DARS : ROBUST SPARSE FINE-TUNING WITH REGULARIZED SUBSPACE DISALIGNMENT

Published: 05 Mar 2025, Last Modified: 14 Apr 2025SCOPE - ICLR 2025 PosterEveryoneRevisionsBibTeXCC BY 4.0
Track: Main paper track (up to 5 pages excluding references and appendix)
Keywords: Sparse Fine-Tuning, Alignment, Subspace Regularization
TL;DR: We introduce DARS, a novel sparse fine-tuning method that preserves the alignment structure of pre-trained networks by adaptive subspace regularizaiton.

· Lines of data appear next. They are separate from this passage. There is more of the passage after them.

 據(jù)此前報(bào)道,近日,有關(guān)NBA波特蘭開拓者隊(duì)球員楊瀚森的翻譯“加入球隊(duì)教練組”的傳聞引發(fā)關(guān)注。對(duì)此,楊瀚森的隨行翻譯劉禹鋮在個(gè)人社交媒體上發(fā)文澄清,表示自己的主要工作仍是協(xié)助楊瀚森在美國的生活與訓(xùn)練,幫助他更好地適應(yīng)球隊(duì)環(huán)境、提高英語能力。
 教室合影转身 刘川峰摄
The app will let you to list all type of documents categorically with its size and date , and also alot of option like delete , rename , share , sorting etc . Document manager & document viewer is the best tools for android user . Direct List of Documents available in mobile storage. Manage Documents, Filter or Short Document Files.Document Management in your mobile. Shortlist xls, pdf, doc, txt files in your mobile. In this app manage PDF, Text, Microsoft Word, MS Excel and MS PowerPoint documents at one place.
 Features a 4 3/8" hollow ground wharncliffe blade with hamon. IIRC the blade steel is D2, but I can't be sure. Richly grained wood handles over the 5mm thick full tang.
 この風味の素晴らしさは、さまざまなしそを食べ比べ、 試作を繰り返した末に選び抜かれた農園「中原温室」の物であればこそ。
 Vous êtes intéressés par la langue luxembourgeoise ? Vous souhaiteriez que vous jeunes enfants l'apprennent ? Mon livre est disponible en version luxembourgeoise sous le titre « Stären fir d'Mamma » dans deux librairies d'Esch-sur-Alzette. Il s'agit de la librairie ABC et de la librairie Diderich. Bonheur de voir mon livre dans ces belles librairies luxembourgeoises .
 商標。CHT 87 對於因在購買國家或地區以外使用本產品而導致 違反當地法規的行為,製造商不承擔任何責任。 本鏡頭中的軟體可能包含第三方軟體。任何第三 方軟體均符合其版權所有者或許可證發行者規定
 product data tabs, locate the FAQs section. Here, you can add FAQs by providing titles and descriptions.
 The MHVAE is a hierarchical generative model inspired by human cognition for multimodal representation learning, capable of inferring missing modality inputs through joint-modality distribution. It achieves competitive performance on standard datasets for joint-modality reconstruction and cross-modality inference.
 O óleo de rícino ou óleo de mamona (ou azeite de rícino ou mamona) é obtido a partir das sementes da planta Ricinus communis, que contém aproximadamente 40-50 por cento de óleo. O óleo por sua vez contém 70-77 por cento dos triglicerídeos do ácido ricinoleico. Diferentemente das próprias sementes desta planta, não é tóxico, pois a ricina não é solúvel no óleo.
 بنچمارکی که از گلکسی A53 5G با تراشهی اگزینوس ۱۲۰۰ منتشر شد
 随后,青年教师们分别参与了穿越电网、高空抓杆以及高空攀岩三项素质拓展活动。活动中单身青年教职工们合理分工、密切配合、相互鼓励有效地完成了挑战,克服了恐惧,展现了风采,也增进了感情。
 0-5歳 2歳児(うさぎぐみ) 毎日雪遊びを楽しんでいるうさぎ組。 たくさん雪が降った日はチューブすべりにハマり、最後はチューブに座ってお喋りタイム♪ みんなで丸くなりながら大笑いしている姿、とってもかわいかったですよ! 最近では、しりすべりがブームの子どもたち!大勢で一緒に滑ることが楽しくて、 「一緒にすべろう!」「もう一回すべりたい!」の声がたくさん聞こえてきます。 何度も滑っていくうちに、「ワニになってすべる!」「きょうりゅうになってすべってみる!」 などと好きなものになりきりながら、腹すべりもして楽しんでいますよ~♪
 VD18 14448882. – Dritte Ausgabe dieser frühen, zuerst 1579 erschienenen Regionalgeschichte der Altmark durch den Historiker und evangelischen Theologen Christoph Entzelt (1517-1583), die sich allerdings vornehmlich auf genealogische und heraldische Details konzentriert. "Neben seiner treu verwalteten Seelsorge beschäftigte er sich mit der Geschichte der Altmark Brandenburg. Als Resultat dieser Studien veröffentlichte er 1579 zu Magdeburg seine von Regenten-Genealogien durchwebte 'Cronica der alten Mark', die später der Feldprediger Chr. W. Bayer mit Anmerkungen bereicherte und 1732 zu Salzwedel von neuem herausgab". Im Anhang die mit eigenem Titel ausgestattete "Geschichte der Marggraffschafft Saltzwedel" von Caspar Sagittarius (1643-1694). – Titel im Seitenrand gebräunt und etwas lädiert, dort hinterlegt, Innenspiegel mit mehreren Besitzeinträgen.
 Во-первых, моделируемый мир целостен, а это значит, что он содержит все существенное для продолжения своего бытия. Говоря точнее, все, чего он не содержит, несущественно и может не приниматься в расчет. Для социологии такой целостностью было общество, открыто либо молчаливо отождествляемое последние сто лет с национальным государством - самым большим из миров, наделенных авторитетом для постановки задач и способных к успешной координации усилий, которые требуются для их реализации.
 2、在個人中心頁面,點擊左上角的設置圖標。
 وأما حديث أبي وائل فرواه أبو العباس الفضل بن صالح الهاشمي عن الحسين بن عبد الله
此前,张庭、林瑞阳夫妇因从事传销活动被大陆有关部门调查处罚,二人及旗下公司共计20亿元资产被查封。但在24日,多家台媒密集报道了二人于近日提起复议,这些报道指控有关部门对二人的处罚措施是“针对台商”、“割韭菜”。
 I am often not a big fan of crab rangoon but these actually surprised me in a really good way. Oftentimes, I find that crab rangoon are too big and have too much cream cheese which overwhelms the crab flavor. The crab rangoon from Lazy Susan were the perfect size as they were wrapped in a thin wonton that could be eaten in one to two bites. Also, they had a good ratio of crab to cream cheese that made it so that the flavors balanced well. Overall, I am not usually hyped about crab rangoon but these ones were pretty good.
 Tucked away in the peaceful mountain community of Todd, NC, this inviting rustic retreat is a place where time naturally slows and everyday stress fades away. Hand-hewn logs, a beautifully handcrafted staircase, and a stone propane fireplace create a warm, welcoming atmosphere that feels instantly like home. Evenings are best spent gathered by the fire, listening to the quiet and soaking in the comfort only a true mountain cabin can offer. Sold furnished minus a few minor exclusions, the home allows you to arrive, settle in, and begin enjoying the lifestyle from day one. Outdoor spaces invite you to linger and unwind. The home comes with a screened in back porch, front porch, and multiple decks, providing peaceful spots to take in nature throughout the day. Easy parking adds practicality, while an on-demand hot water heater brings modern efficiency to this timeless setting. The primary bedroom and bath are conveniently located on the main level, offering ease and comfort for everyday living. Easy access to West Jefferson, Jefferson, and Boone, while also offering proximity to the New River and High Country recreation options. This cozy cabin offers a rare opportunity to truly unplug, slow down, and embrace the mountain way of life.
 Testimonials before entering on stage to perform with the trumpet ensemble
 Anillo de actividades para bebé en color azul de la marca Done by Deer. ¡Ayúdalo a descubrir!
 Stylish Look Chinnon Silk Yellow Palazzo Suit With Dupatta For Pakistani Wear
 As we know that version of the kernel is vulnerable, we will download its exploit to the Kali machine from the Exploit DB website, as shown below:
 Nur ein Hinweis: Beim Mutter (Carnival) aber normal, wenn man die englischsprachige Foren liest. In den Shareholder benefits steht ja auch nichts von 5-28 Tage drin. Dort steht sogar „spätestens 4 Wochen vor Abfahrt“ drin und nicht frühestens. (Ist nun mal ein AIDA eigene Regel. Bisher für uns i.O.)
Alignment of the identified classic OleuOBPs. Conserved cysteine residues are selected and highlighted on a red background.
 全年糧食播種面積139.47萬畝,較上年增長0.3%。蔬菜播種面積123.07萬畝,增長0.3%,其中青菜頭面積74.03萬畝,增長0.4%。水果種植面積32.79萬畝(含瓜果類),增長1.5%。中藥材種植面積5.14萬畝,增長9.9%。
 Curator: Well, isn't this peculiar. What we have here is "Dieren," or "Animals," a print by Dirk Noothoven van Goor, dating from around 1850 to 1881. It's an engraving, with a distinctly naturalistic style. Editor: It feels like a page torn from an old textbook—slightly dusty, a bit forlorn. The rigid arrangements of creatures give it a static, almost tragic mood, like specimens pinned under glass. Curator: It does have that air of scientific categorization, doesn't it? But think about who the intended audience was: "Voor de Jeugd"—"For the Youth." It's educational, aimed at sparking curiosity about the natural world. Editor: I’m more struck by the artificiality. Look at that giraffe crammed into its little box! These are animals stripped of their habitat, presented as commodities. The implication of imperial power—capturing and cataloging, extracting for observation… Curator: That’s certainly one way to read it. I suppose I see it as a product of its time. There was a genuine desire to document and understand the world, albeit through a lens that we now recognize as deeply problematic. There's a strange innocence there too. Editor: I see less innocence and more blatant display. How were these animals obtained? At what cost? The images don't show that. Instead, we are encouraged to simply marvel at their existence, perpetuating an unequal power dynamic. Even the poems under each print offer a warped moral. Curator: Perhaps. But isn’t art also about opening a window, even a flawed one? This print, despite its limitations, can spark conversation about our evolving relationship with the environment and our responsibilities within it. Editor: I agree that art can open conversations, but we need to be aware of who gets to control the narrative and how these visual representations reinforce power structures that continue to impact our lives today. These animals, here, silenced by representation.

Abstract: Recent works have identified the alignment, which measures a layerwise weight correlation, as a novel yet crucial mechanism for feature learning. We investigate an underlying connection between the alignment learning and the structural fitting of a network to the training data span. Based on this insight, we further demonstrate that fine-tuning on out-of-distribution (OOD) data disrupts this well-aligned structure fitted during the pre-training phase, degrading generalization performance. To address this, we propose DARS, DisAlignment-Regularized Sparse fine-tuning, a novel sparse fine-tuning approach that mitigates disalignment by letting the gradient update to be partially constrained within the principal subspace of the pre-trained network, constructed based on the in-distribution (ID) data used for its pre-training. Specifically, we define the two disjoint subsets of trainable parameters for sparse channel unfreezing: i) a random subset and ii) a subset with higher gradient projections onto the principal subspace. The latter serves as a disalignment regularizer during fine-tuning, while the random subset ensures a minimal bias in parameter selection. By adjusting the ratio between the two subsets, we can control the strength of subspace regularization, thereby balancing the trade-off between generalization capacity and strong fitting to new downstream tasks. By employing DARS, we achieved SOTA performance on various benchmarks, including commonsense and arithmetic reasoning tasks, across LLaMA-7B and LLaMA2-7B.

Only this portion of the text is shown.